BJ: We like doing things in threes; we’ve always done three records in a row with a producer, but that wasn’t the reason obviously. If Ellipsis hadn’t been good, we wouldn’t want to revisit it. When we worked with him on that album, we didn’t feel like we could’ve made a better album than Ellipsis, but when you first work with a producer it’s never quite smooth sailing. You butt heads a lot, it can be frustrating, you’re not really showing your true colors all the time. On the second record, things will be a little bit smoother and you actually show people who you are. On this album, we understood each other off the bat a lot better. When we made suggestions, Rich wasn’t pushing back as hard as he was on Ellipsis. He just makes great records. He’s done loads of our favorite bands. We like the way he works even though he drives us up the bloody wall and can be so frustrating like a little kid who can’t sit still. He can’t stick to one idea without losing focus, which is really tough. So, we’re gluttons for punishment, I guess, but we love the results he gets in the end. He works super hard on every song and invests so much into it. He keeps changing things at the very last minute, it can be incredibly frustrating, but the end results are fantastic.

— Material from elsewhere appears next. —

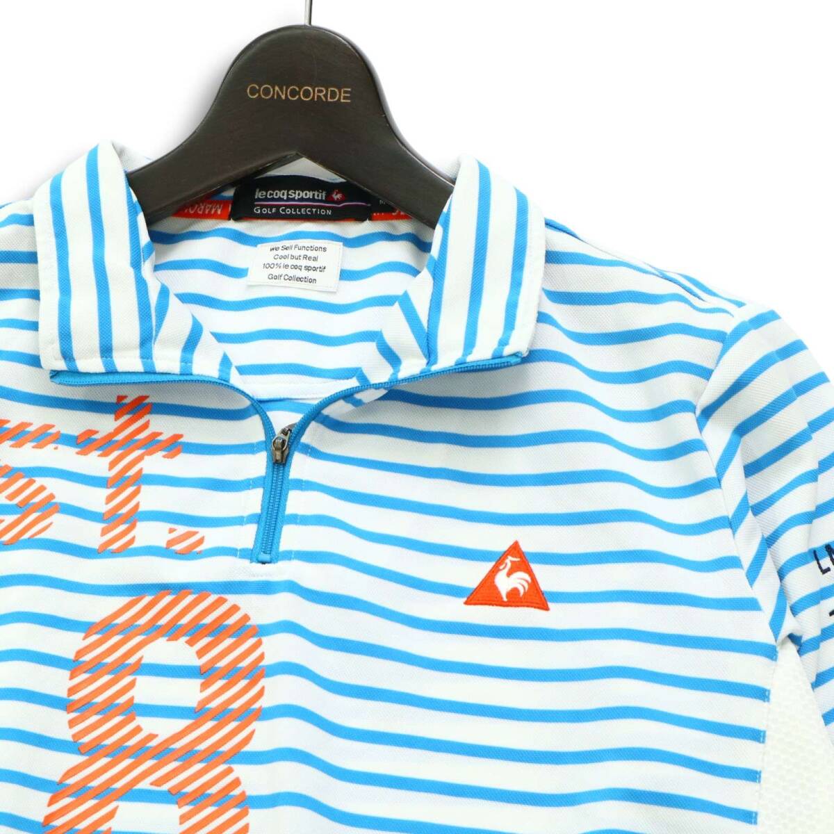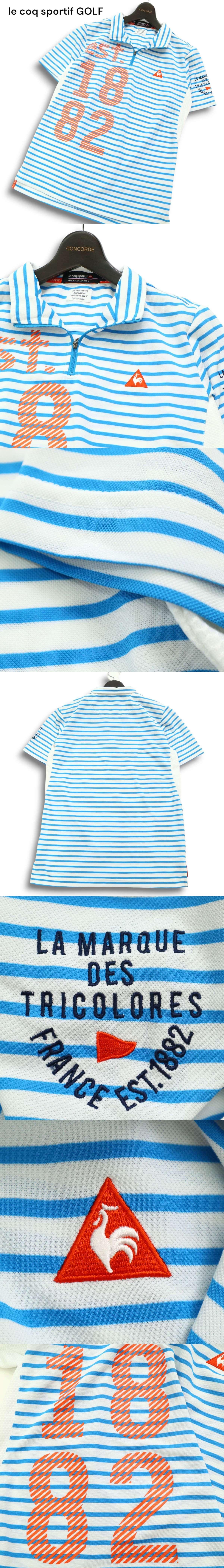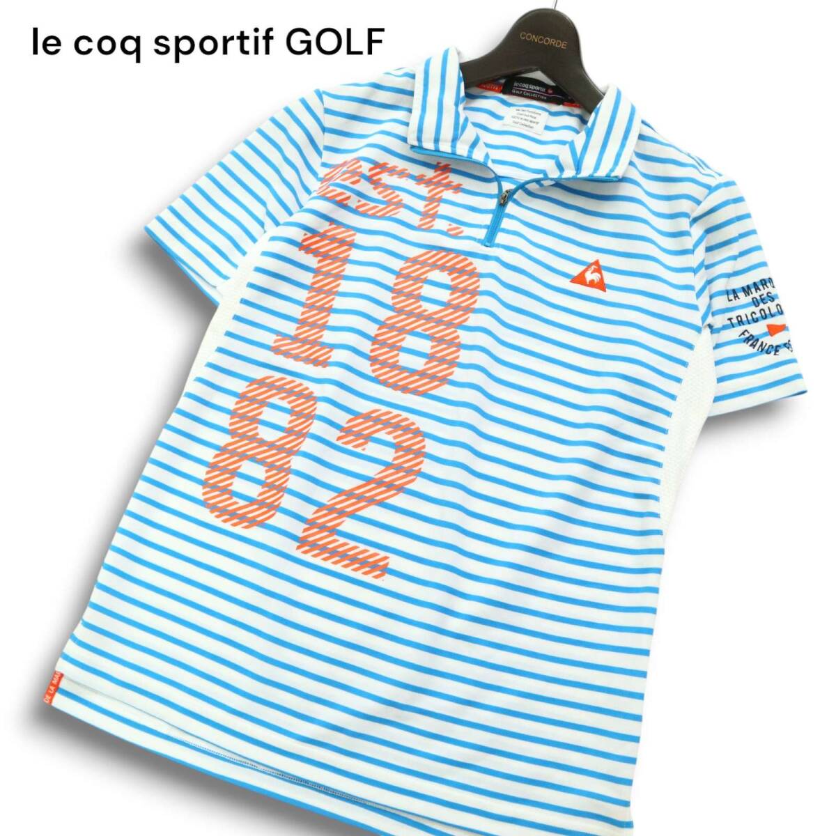 le coq sportif GOLF ルコック スポルティフ ゴルフ 春夏 ロゴ刺繍★ 半袖 ボーダー ハーフジップ ポロシャツ Sz.M メンズ

GID: Interesting that you say you guys like to do things in threes because last year you did the Balance, Not Symmetry soundtrack, which was kind of unexpected for Biffy. How did your experience working on the soundtrack inspire what you did on the new album?
BJ: I think it did quite a lot. We made the Balance album without any kind of interference from the record company. It wasn’t funded by them; it was funded by the movie, so they didn’t have much involvement at all. It was just the three of us. We made the record off the leash just going crazy. Any idea was a good idea and every song on that album almost sounds like a different band. I think we just found a lot of freedom in making that record and it definitely affected [us] going forward because we were more willing to trust ourselves to try out crazy things on A Celebration of Endings. I think it was important for the band. We’re more sure of ourselves now. It helped us see the vision for A Celebration of Endings.